The 2010 Gaza Freedom Flotilla was a small fleet of ships by the Free Gaza Movement and the Turkish Foundation for Human Rights and Freedoms and Humanitarian Relief (İHH). The Flotilla mission to Gaza had the explicit goal of carrying humanitarian aid and construction materials with the intention of breaking the Israeli blockade of the Gaza Strip. In typical circumstances, aid is first brought to Israel to be inspected and then transferred to Gaza.

On 31 May 2010, Israeli forces boarded the ships in a raid from speedboats and helicopters. Following resistance on one of the boats, nine activists were killed by Israeli forces. Widespread international condemnation of and reaction to the raid followed, Israel–Turkey relations were strained, and Israel subsequently eased its blockade on the Gaza Strip.

==Overview==
The flotilla was the Free Gaza Movement's ninth attempt to break the naval blockade imposed by Israel on the Gaza Strip.
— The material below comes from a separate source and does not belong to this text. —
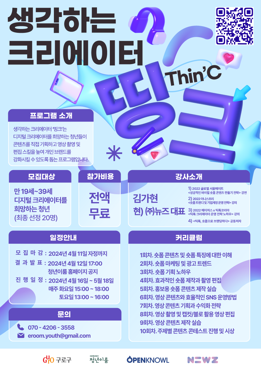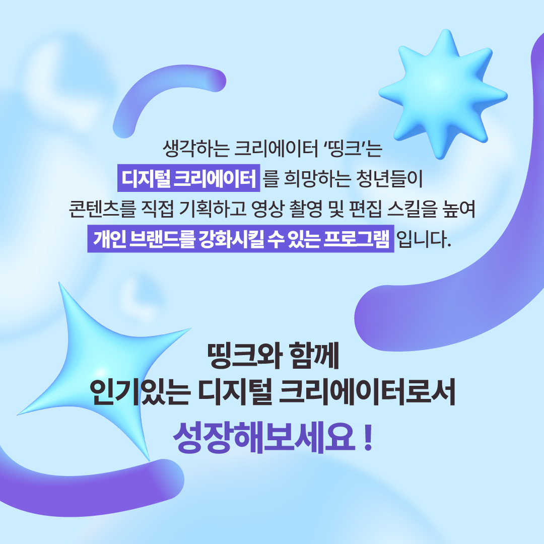 [생각하는 크리에이터, 띵크] 디지털 크리에이터 희망 청년 모집(~4/11)

Israel proposed inspecting the cargo at the Port of Ashdod and then delivering non-blockaded goods through land crossings, but this proposal was turned down. Israeli forces then raided and seized the Gaza-bound ships in international waters of the Mediterranean Sea.
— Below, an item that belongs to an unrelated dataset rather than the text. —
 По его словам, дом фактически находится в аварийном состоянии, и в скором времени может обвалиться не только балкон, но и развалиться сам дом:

Five shipments had been allowed through prior to the 2008–09 Gaza War, but all shipments following the war were blocked by Israel. This flotilla was the largest to date. An Islamic aid group from Turkey, the İHH (İnsani Yardım Vakfı) (Foundation for Human Rights and Freedoms and Humanitarian Relief) sponsored a large passenger ship and two cargo ships.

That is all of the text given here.